然后开始点菜。
肥牛,来一份。
虾滑,来一份。
比管鱼——这东西他爱吃,来一份。
肥羊,也来一份。
毛肚,来一份。
黄喉,来一份。
又点了几盘青菜,凑个颜色。
服务员在旁边记着,记完问:“酒水需要吗?”
王小开看了看青青。
青青摇摇头。
“不要了,”王小开说,“刚才喝得够多的了。”
服务员点点头,又问:“两位喝什么饮料?我们有酸梅汤、豆浆、玉米汁——”
“酸梅汤吧。”王小开说。
服务员走了。三百多块钱。
两个人去调小料。王小开端着碗,站在小料台前,往里加芝麻酱、韭菜花、腐乳汁、蒜泥、香菜、葱花——他都闭着眼调。
青青站在旁边,调得挺慢,一样一样看,一样一样加。
调完回到座位,锅底已经上来了,鸳鸯锅,一边红油翻滚,一边清汤寡水。菜也上了几盘,摆了一桌。
两个人面对面坐着,开涮。
王小开夹了一片肥牛,在锅里涮了涮,变色就捞出来,蘸一下小料,送进嘴里。
嗯,舒服。
他嚼着肉,抬头看了一眼青青。
青青正夹着一片生菜,在红油里涮。
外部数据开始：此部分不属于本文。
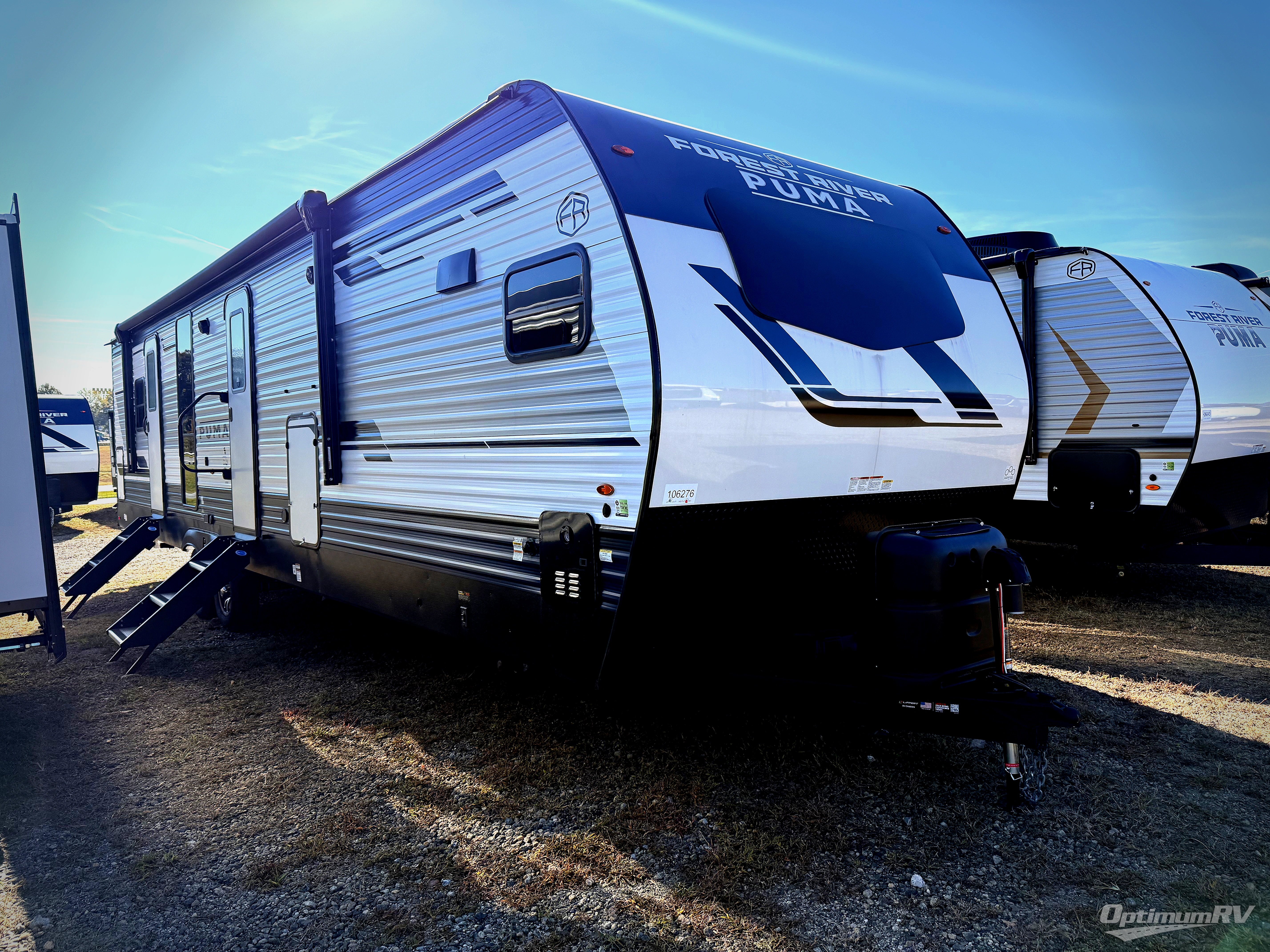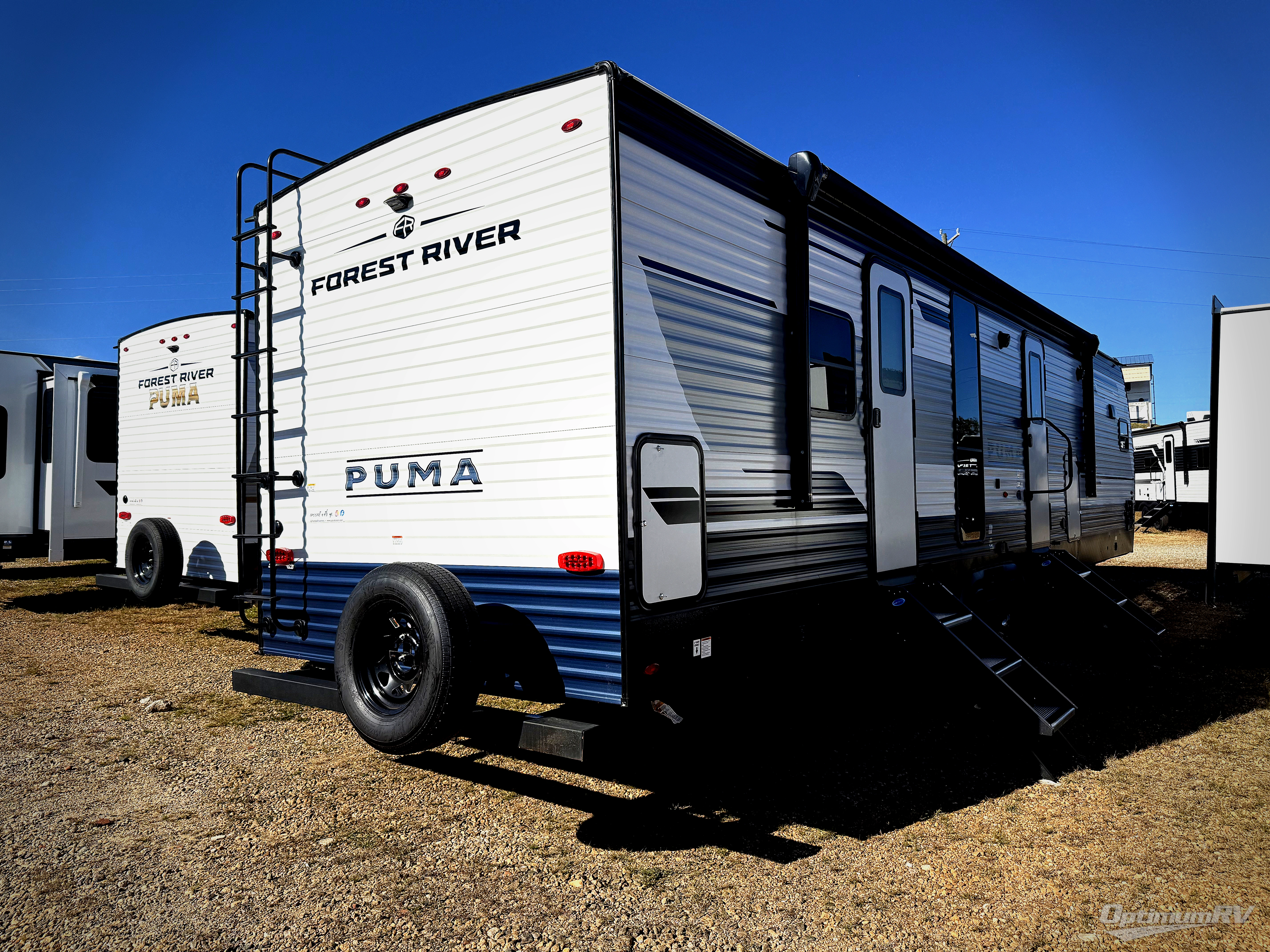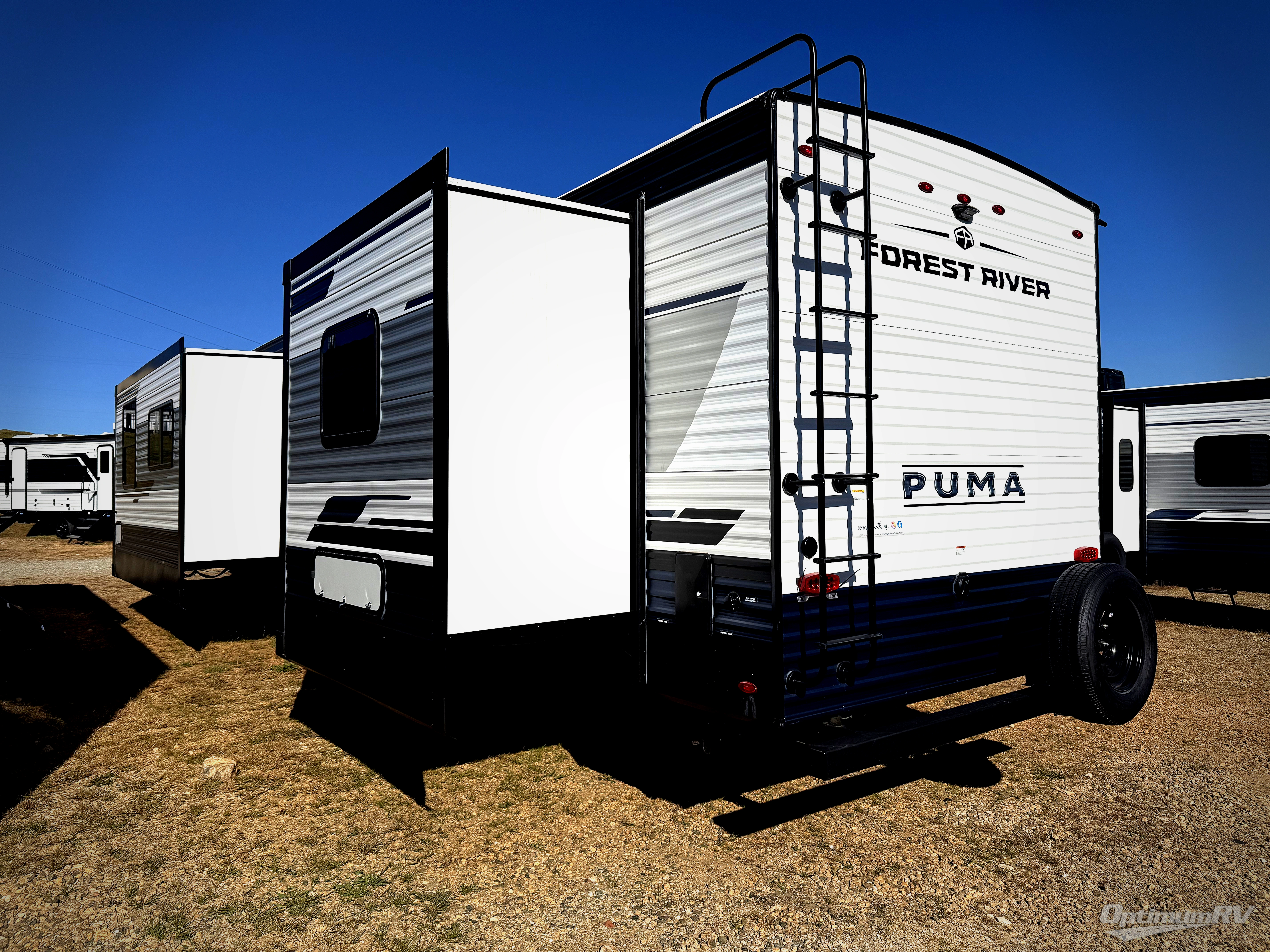 If you're looking for family-fun adventures then you need one of these Palomino Puma fifth wheels or travel trailers! They are built rugged, easy to tow, and jam packed with features. The Darco wrapped underbelly will protect your units vitals and the AlphaPly roofing membrane covers it. They also have new aluminum wheels and a powder coated steel I-beam frame. Inside, the Congoleum linoleum will be easy to keep clean, and the night roller shades will provide privacy when it's time to turn in. You'll also enjoy an electric awning with an LED light strip plus an AM/FM/Bluetooth stereo and two outside speakers to keep the party going!

涮好了,蘸一下小料,小口小口地吃。
两个人就这么吃着,谁也没说话。
过了一会儿,青青放下筷子。
“王哥。”
王小开头都没抬:“嗯?”
“要不……”青青顿了顿,“我和你坐一块儿?”
王小开抬起头,看着她。
青青的脸在火锅的蒸汽后面,有点红,不知道是热的还是别的什么。
“面对面坐着,”她说,“感觉怪怪的。”
王小开盯着她。
然后眼睛眯起来。
“你想抢我的毛肚?”
韦青青青:“……”
她愣在那儿,半天没动。
然后她拿起筷子,从锅里捞出一片毛肚,放进自己碗里。
王小开看着那片毛肚,嘴张了张。
“那是我涮的。”
“你不是怕我抢吗?”青青把毛肚在碗里蘸了蘸,送进嘴里,“我先抢了再说。”
她嚼着毛肚,看着他。
王小开愣了两秒。
然后笑了一下。
“行吧,你坐过来。”
青青端着碗站起来,绕过来,在他旁边坐下。
两个人肩膀挨着肩膀,继续吃火锅。
火锅能促进两个人的感情,这事儿是真的。
就像他和Ann吃日料,吃了半天,花了八百,半点感情没促进——全程就是“你帮我挑衣服”“我请你吃饭”,公事公办,吃完各回各家。
但火锅不一样。
热气腾腾的锅子,咕嘟咕嘟冒泡,两个人挨着坐,你捞一片肉,我涮一片菜,筷子偶尔在锅里打架。吃着吃着,话就多了。
王小开端着酸梅汤,喝了一口,开始讲自己。
外资企业,听着挺唬人,其实就是个小分公司,十来个人。工资低,五千,扣完五险一金到手更少。但同事关系不错,都好相处,没事还能蹭个早饭。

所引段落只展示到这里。